Data below:
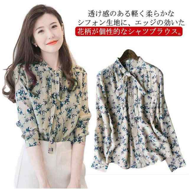 ボウタイブラウス 花柄ブラウス ブラウス 送料無料 花柄 シャツ レディース トップス チュニック シフォン プルオーバー 長袖 長袖シャツ リボン 花柄 女性 薄手 とろみ 柔らか 透けない ゆったり 大人 可愛い ふんわり オフィス 春物 春 夏
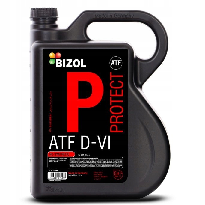 BIZOL Protect ATF D-VI належить до останнього покоління рідин для автоматичних трансмісій на основі синтезу HC у поєднанні з сучасним високоефективним пакетом присадок. Відповідає вимогам багатьох виробників автомобілів і автоматичних трансмісій по всьому світу. BIZOL Protect ATF DVI призначений для використання в автоматичних трансмісіях, гідравлічних системах і системах рульового керування з підсилювачем легкових автомобілів і мікроавтобусів.
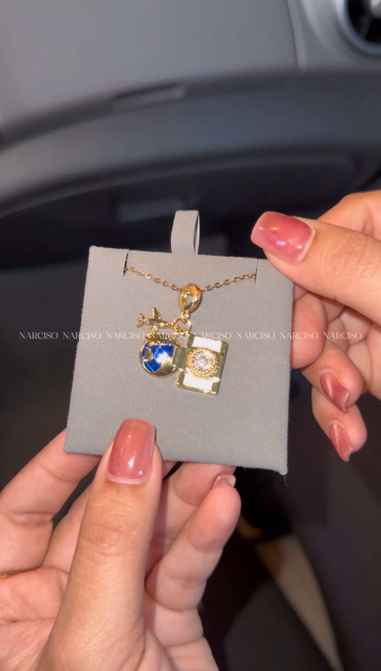 ¡Lleva tus sueños de viaje siempre contigo con nuestro collar de viajes multidijes! Con un diseño dorado y tres dijes que representan un avión, un mundo y una cámara, este collar es perfecto para los amantes de los viajes. Fabricado en acero inoxidable y circonitas para mayor durabilidad y brillo. ¡Haz tus sueños realidad y lleva tus recuerdos siempre cerca!
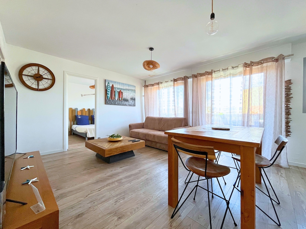 Dans un quartier calme et très recherché beau F2 de 55M2 dans résidence sécurisée tout confort avec belle terrasse de 15M2 donnant sur de la verdure sans vis à vis. Une chambre avec lit haut de gamme et séjour avec canapé en cuir. Téléviseur grand écran, wifi. Salle de bains avec baignoire et douche à l'italienne, wc séparés.

What you need to do: Your task is to reproduce exactly the lines from the one with "BIZOL Protect ATF D-VI" to the end of the material, both included, with the pictures left out.

Answer to the problem:
 BIZOL Protect ATF D-VI належить до останнього покоління рідин для автоматичних трансмісій на основі синтезу HC у поєднанні з сучасним високоефективним пакетом присадок. Відповідає вимогам багатьох виробників автомобілів і автоматичних трансмісій по всьому світу. BIZOL Protect ATF DVI призначений для використання в автоматичних трансмісіях, гідравлічних системах і системах рульового керування з підсилювачем легкових автомобілів і мікроавтобусів.
 ¡Lleva tus sueños de viaje siempre contigo con nuestro collar de viajes multidijes! Con un diseño dorado y tres dijes que representan un avión, un mundo y una cámara, este collar es perfecto para los amantes de los viajes. Fabricado en acero inoxidable y circonitas para mayor durabilidad y brillo. ¡Haz tus sueños realidad y lleva tus recuerdos siempre cerca!
 Dans un quartier calme et très recherché beau F2 de 55M2 dans résidence sécurisée tout confort avec belle terrasse de 15M2 donnant sur de la verdure sans vis à vis. Une chambre avec lit haut de gamme et séjour avec canapé en cuir. Téléviseur grand écran, wifi. Salle de bains avec baignoire et douche à l'italienne, wc séparés.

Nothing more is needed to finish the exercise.